Task to carry out ->
Set every line of the data down again exactly, and keep the pictures out.

Dataset excerpt ->
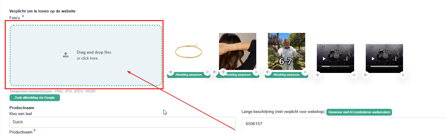 Upload je video's via de productpagina via hetzelfde venster waarmee je ook foto's upload. (max 10 mb per video)
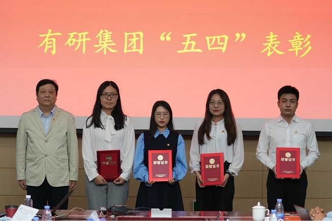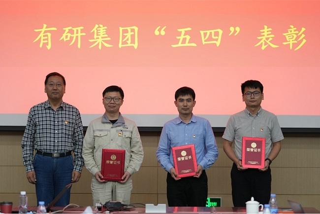 曹泊宇宣读有研集团“五四”表彰决定,授予山东有研半导体硅片制造部等2个集体“青年文明号”称号,授予有研国晶辉团支部等2个团组织“五四红旗团支部”称号,授予国联研究院任志敏等6名同志“青年岗位能手”称号,授予有研粉材杨铭等4名同志“优秀共青团干部”称号,授予有研兴友王婧等10名同志“优秀共青团员”称号,集团领导现场向获奖代表颁奖。
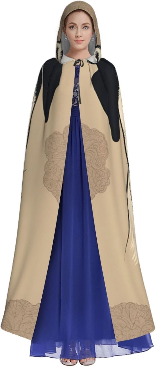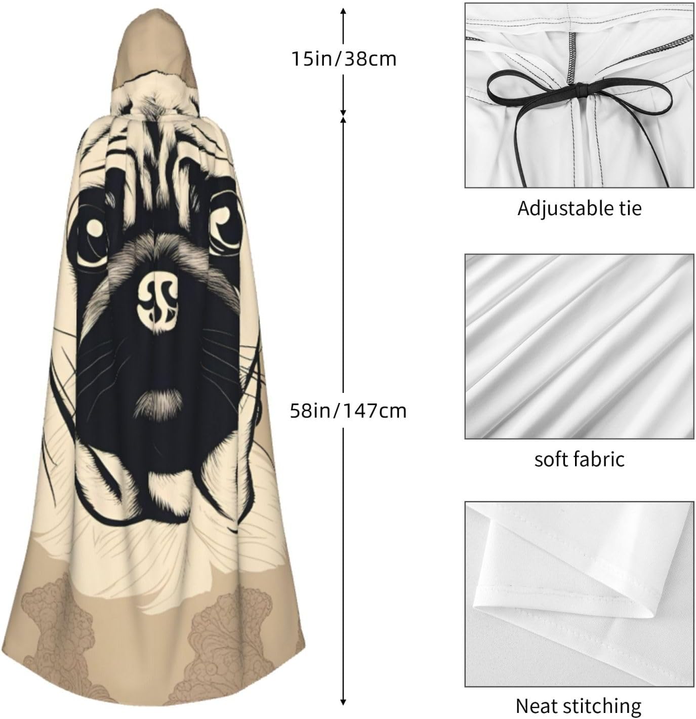 Mantello lungo con cappuccio con stampa di carlino, per adulti, per Natale, Halloween, feste a tema, giochi di ruolo
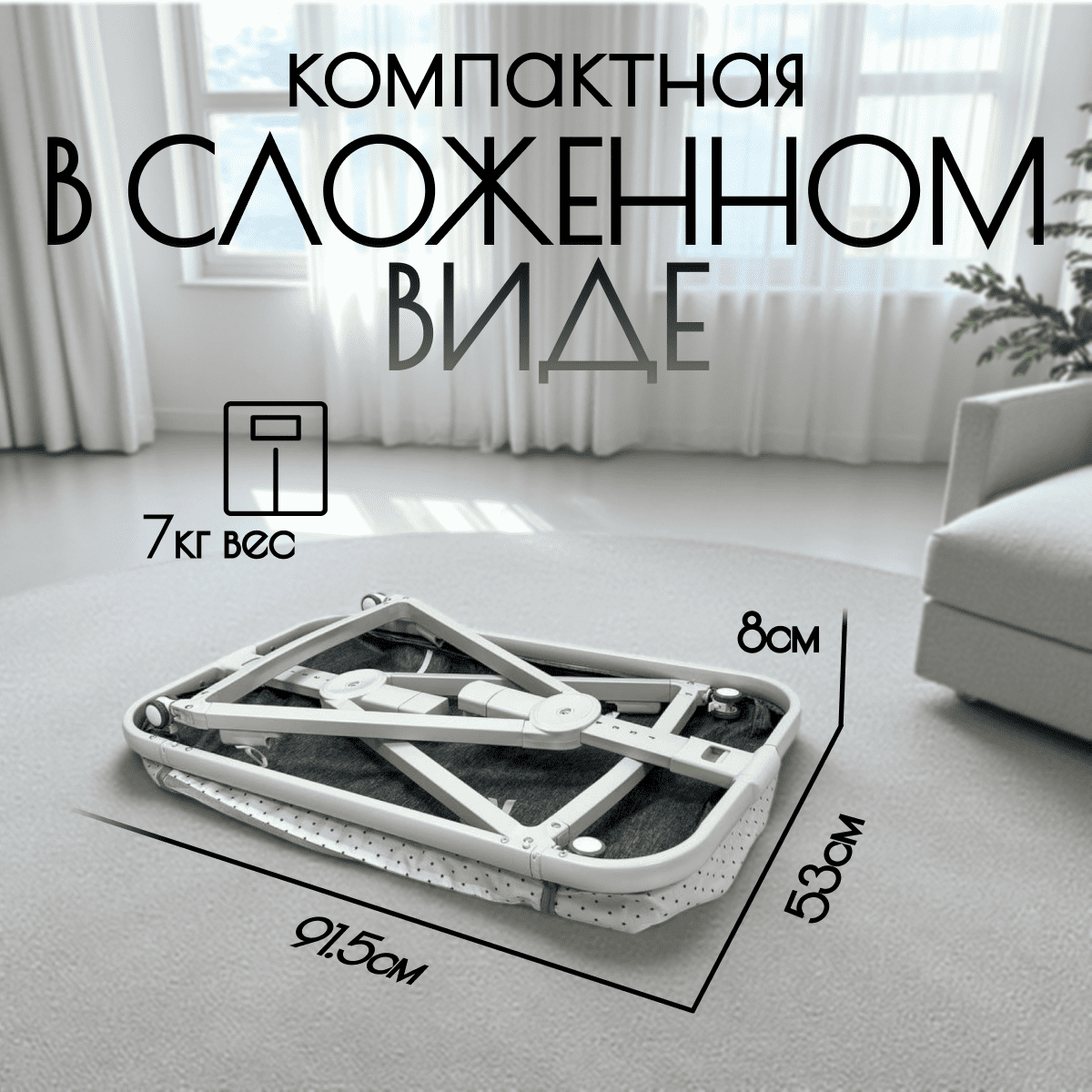 Компактная, складная конструкция, удобно брать в поездки и экономить место дома.

Result ->
 Upload je video's via de productpagina via hetzelfde venster waarmee je ook foto's upload. (max 10 mb per video)
 曹泊宇宣读有研集团“五四”表彰决定,授予山东有研半导体硅片制造部等2个集体“青年文明号”称号,授予有研国晶辉团支部等2个团组织“五四红旗团支部”称号,授予国联研究院任志敏等6名同志“青年岗位能手”称号,授予有研粉材杨铭等4名同志“优秀共青团干部”称号,授予有研兴友王婧等10名同志“优秀共青团员”称号,集团领导现场向获奖代表颁奖。
 Mantello lungo con cappuccio con stampa di carlino, per adulti, per Natale, Halloween, feste a tema, giochi di ruolo
 Компактная, складная конструкция, удобно брать в поездки и экономить место дома.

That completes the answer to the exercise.